**Exercise details**
Go through the listing below and write out exactly the lines from the one that mentions "皱叶椒草 又名皱叶豆瓣绿。植" through the one that mentions "Safety Protocol, Speedy", minus the pictures.

**Supplied information**
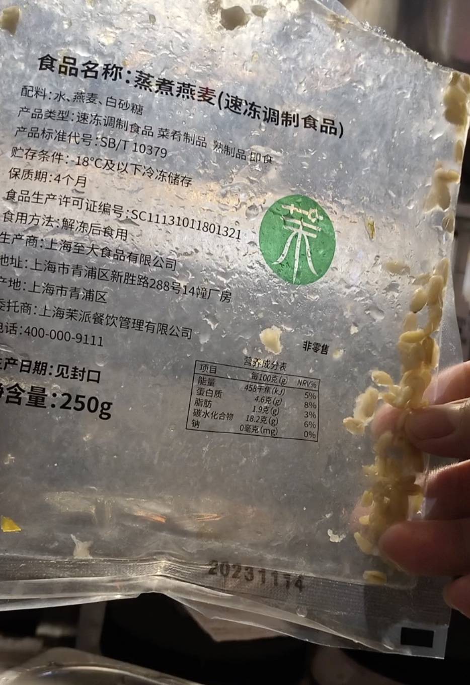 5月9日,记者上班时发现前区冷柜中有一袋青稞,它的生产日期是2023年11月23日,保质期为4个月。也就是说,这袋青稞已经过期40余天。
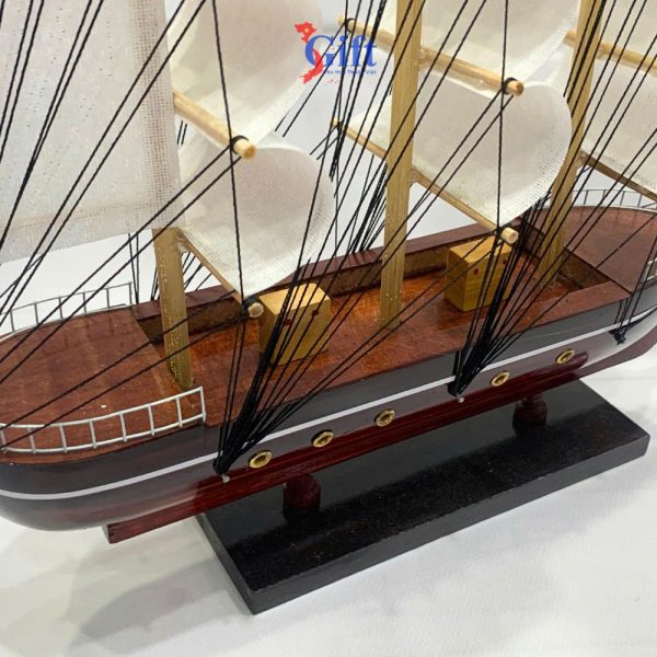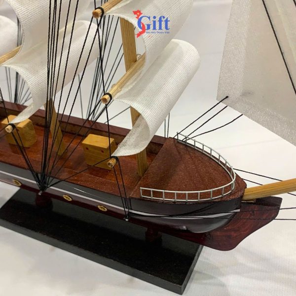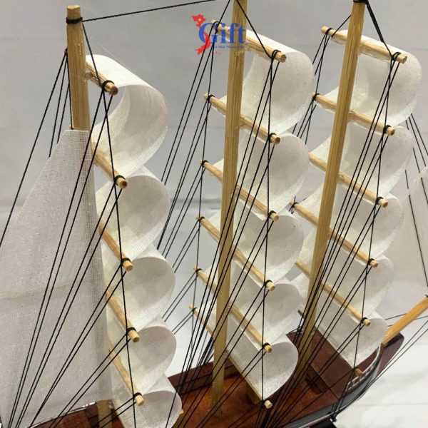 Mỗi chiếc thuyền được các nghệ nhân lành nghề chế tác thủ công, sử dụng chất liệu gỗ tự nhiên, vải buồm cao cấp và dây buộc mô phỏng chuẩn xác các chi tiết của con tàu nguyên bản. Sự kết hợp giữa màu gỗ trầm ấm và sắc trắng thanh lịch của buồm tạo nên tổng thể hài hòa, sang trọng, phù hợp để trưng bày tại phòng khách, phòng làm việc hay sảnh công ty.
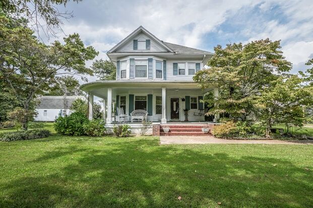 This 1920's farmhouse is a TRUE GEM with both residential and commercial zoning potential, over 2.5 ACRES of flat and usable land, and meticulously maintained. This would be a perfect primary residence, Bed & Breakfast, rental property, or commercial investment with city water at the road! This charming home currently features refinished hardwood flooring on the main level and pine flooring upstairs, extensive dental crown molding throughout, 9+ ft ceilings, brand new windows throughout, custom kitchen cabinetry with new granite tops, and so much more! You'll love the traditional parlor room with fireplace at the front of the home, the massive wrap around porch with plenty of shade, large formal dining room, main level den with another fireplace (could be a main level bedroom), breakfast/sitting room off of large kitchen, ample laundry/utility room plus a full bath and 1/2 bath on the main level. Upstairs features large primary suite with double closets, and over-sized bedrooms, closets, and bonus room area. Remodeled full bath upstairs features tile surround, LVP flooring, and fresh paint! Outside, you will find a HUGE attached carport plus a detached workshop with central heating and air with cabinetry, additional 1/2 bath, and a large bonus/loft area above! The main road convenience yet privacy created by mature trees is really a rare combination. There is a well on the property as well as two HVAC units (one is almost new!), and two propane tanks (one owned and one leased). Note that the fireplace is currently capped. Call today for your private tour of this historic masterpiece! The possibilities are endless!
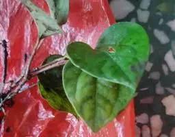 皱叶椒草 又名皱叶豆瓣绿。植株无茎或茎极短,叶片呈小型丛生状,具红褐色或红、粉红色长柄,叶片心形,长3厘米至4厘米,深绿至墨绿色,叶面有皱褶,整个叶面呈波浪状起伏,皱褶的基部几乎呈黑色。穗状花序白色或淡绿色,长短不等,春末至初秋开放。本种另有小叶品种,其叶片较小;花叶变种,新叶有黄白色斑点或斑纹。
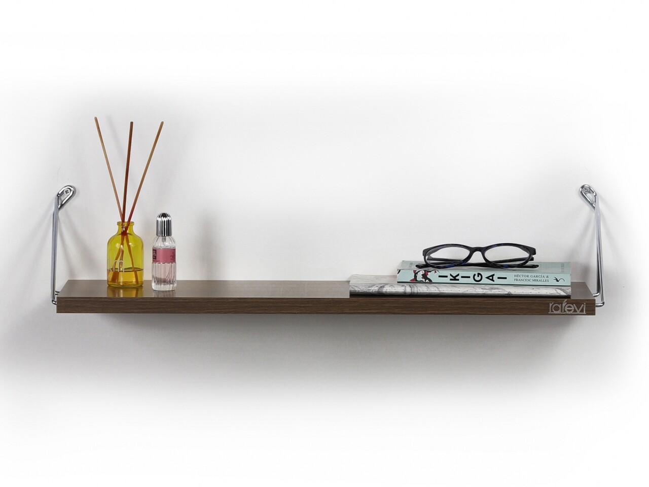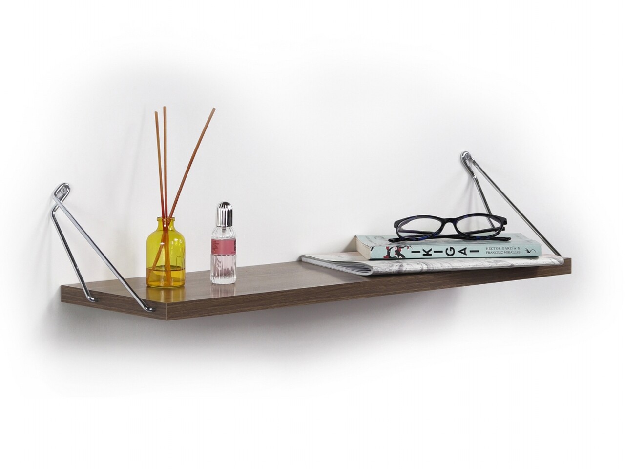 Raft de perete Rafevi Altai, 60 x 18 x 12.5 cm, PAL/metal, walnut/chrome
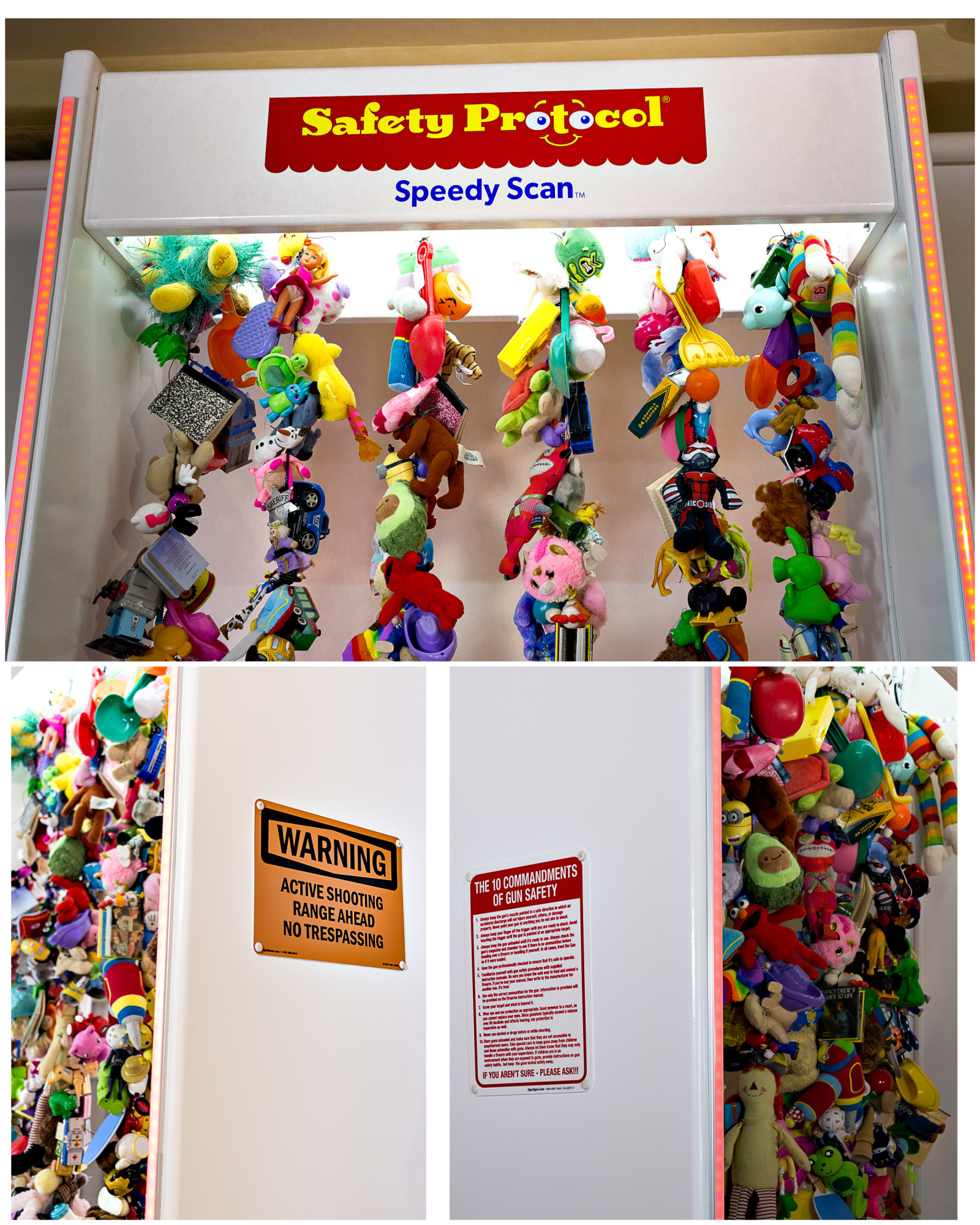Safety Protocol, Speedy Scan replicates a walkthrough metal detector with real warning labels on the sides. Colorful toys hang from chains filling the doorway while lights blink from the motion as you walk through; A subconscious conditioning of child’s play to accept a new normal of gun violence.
* * *
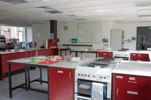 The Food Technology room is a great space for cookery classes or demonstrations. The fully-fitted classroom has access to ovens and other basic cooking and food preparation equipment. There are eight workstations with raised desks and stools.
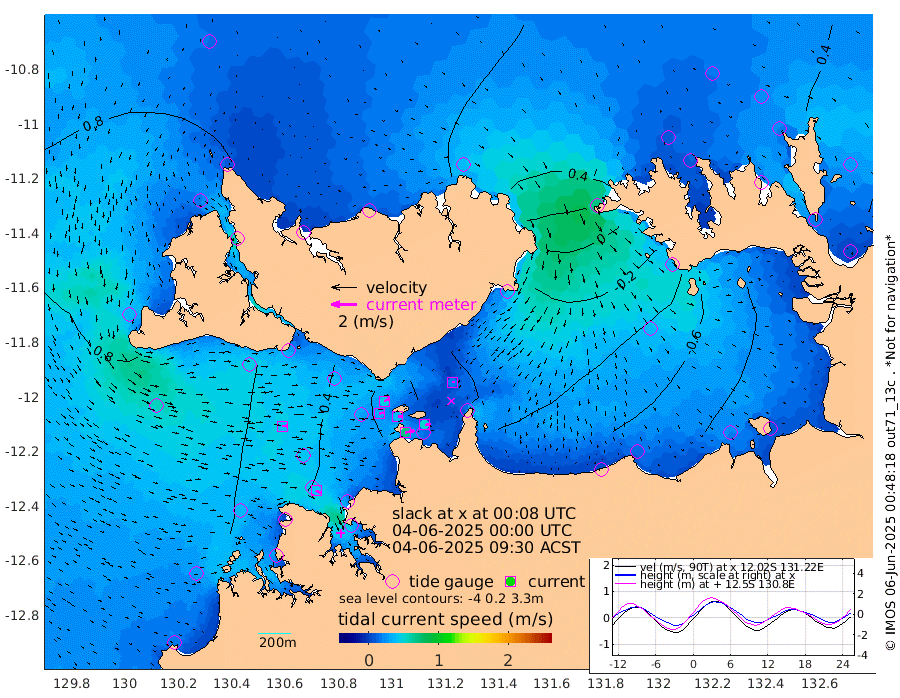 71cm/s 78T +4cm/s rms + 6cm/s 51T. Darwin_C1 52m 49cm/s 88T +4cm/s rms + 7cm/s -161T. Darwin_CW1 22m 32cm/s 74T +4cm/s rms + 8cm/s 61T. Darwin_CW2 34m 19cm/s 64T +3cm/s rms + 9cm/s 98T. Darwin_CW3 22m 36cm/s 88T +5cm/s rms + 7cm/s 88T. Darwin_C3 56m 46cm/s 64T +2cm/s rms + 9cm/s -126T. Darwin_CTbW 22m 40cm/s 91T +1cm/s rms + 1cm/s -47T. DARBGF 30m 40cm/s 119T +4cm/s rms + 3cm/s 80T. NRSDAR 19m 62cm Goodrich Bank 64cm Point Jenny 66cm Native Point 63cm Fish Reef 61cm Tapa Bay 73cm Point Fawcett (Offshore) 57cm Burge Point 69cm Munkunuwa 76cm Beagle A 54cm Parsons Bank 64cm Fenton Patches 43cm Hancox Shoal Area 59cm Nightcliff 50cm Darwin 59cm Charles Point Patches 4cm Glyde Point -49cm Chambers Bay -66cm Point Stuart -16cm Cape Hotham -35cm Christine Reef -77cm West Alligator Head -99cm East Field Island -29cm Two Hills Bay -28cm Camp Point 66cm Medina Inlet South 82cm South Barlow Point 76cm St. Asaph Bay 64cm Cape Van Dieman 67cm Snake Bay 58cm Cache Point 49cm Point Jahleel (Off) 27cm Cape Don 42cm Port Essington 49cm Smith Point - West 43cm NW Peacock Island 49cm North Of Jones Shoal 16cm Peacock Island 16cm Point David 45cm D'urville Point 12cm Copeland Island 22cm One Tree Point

**Written response**
 皱叶椒草 又名皱叶豆瓣绿。植株无茎或茎极短,叶片呈小型丛生状,具红褐色或红、粉红色长柄,叶片心形,长3厘米至4厘米,深绿至墨绿色,叶面有皱褶,整个叶面呈波浪状起伏,皱褶的基部几乎呈黑色。穗状花序白色或淡绿色,长短不等,春末至初秋开放。本种另有小叶品种,其叶片较小;花叶变种,新叶有黄白色斑点或斑纹。
 Raft de perete Rafevi Altai, 60 x 18 x 12.5 cm, PAL/metal, walnut/chrome
Safety Protocol, Speedy Scan replicates a walkthrough metal detector with real warning labels on the sides. Colorful toys hang from chains filling the doorway while lights blink from the motion as you walk through; A subconscious conditioning of child’s play to accept a new normal of gun violence.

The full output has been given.